Portage Inlet Salt Marshes
Salt marshes, also called tidal marshes, are ecologically productive and diverse estuarine habitats critical for coastal species across life stages including rearing coho salmon and coastal cutthroat trout populations. Salt marshes provide blue carbon sequestration, important nutrients, water filtration, productive habitats for fish and wildlife, and natural protection for upland areas from strong storms through the buffering of wave energy.
These important coastal ecosystems are often the most desirable for agriculture, fishing and hunting, industrial practices, transportation infrastructure, habitation, and development. As a result, these ecosystems have been disproportionately lost, degraded, or modified over the past century—some estimates put this loss upwards of 70% in the Salish Sea.
The remaining salt marshes on southern Vancouver Island are severely impacted by hyperabundant, introduced, non-migratory Canada geese that over-graze marsh vegetation, leaving banks exposed to erosion.
Peninsula Streams & Shorelines has undertaken an initiative focused on identifying, restoring, and protecting strongholds of salt marsh habitats in Portage Inlet.
View Royal Park Salt Marsh
The restoration of the View Royal Park salt marsh, situated within the Craigflower Creek estuary, involved the installation of eco-cultural fencing to help stabilize eroded materials while creating a protective plant enclosure for Lyngbye’s sedge and other marsh plantings. The fencing, made of native alder and willow branches, limits Canada geese access while allowing other waterfowl, fish, and wildlife access, and also provides valuable instream structure and habitat. A fallow field was transformed to marsh and riparian habitat through the creation of excavated tidal channels and planted marsh platforms to establish areas lost to goose grazing and subsequent erosion.
In partnership with SeaChange Marine Conservation Society's Resilient Estuaries of the Salish Sea (RESS) program, the marsh is being actively monitored in its response to restoration efforts, assessing how fenced areas are recovering compared to unfenced controls and how restored sites are functioning relative to natural reference marshes.
The monitoring focuses on two main components: vegetation colonization and sediment characteristics.
- Vegetation is assessed using permanent plots within fenced and unfenced areas to track plant colonization and cover over time, and help evaluate the effectiveness of eco-cultural fencing in deterring geese and supporting the natural recolonization of native salt marsh plants like Lyngbye’s sedge, salt grass, and Salicornia.
- Sediment samples are assessed for soil pH, salinity, redox potential, total organic carbon, temperature, and grain size across four different sites, both restored and unrestored, to understand what may be driving success/ or failure of sedge recolonization across restoration sites.

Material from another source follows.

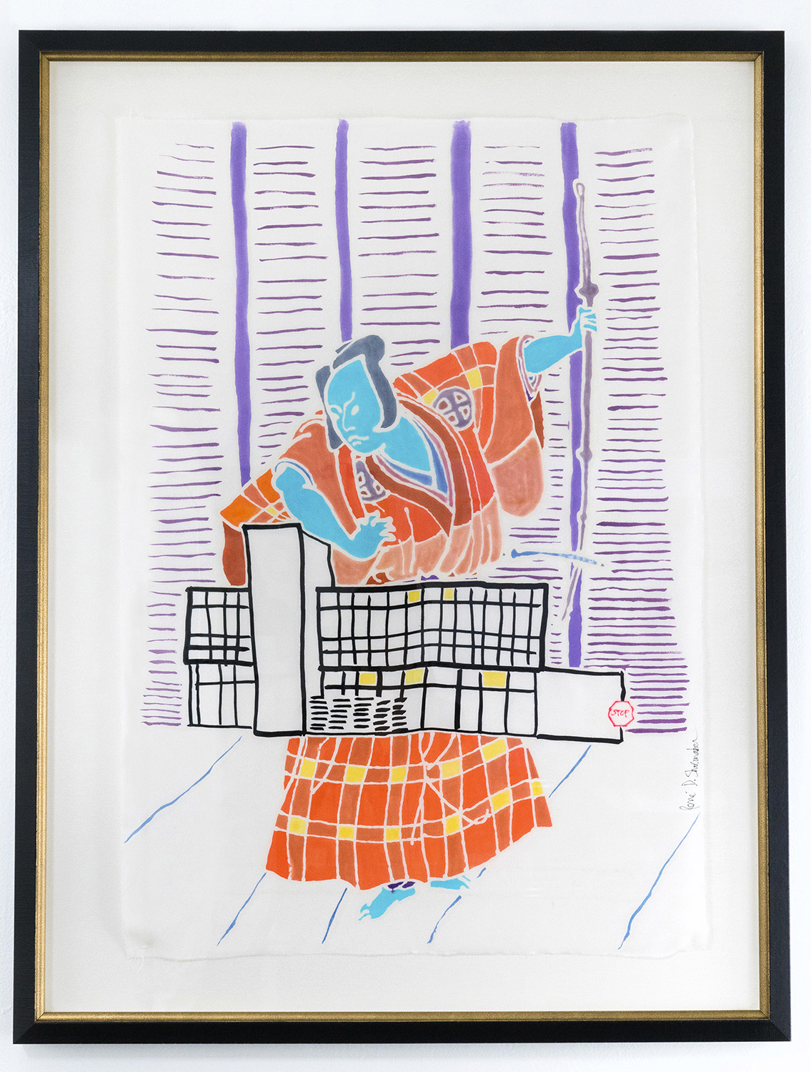 Hand-painted silk twill with silkscreen ink 40"h x 30"w
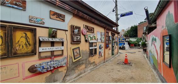 ¸¶À»ÀÇ ÃÌÀåÀÌ ¾ÕÀå¼¼ ¸¶À» Áֹΰú ÇÔ²² ºóÁýÀ» ±ú²ýÀÌ Ä¡¿ì°í Ç׾Ƹ®, °íÀå ³ º®½Ã°è, ¾×ÀÚ µî ¹ö·ÁÁø ¹°°ÇÀ» °¡Á®¿Í °ñ¸ñ±æ º®¸é¿¡ Àü½ÃÇϸ鼺ÎÅÍ, ¿À·¡µÈ ³°Àº °ÍÀÌ ¿ÀÈ÷·Á ÀÛǰÀÌ µÅ ¡®°ñ¸ñ±æ °¶·¯¸®¡¯·Î ´Ù½Ã ž ÇÏ·çÇÏ·ç°¡ ±ú²ýÇØÁ³´Ù°í ÇÑ´Ù.

Through this monitoring, PSS aims to determine whether these restoration interventions are successfully promoting marsh resilience, vegetation recolonization, and long-term habitat recovery within the View Royal Park salt marsh.
Hospital Creek Salt Marsh
The Hospital Creek Watershed encompasses 221.6 hectares within the District of Saanich and the Town of View Royal. Draining into Portage Inlet, the 2 km mainstem of Hospital Creek flows through agricultural and residential areas before reaching a highly degraded estuarine marsh complex at the head of Portage Inlet. The remaining salt marsh is rapidly eroding, with mass wasting of banks and poor sediment retention caused by shoreline modification, housing encroachment, and the impacts of hyperabundant resident Canada geese.
The restoration of the Hospital Creek salt marsh involved the installation of a protective goose exclosure surrounding the remnant marsh to prevent overgrazing and allow vegetation recovery. The fencing, constructed with wooden posts and lightweight nylon mesh, deters geese and ducks while remaining unobtrusive to other wildlife. Within the enclosure, salt marsh species were planted in existing and newly accumulated sediments, and a small rock sill was added to promote organic material capture and sediment stabilization.
These enhancements protect the remaining salt marsh, promote natural sediment retention, and support re-establishment of native vegetation critical to marsh stability and blue carbon sequestration. The project also included community outreach to nearby landowners about the ecological impacts of feeding waterfowl and the broader importance of estuarine habitats in the Salish Sea.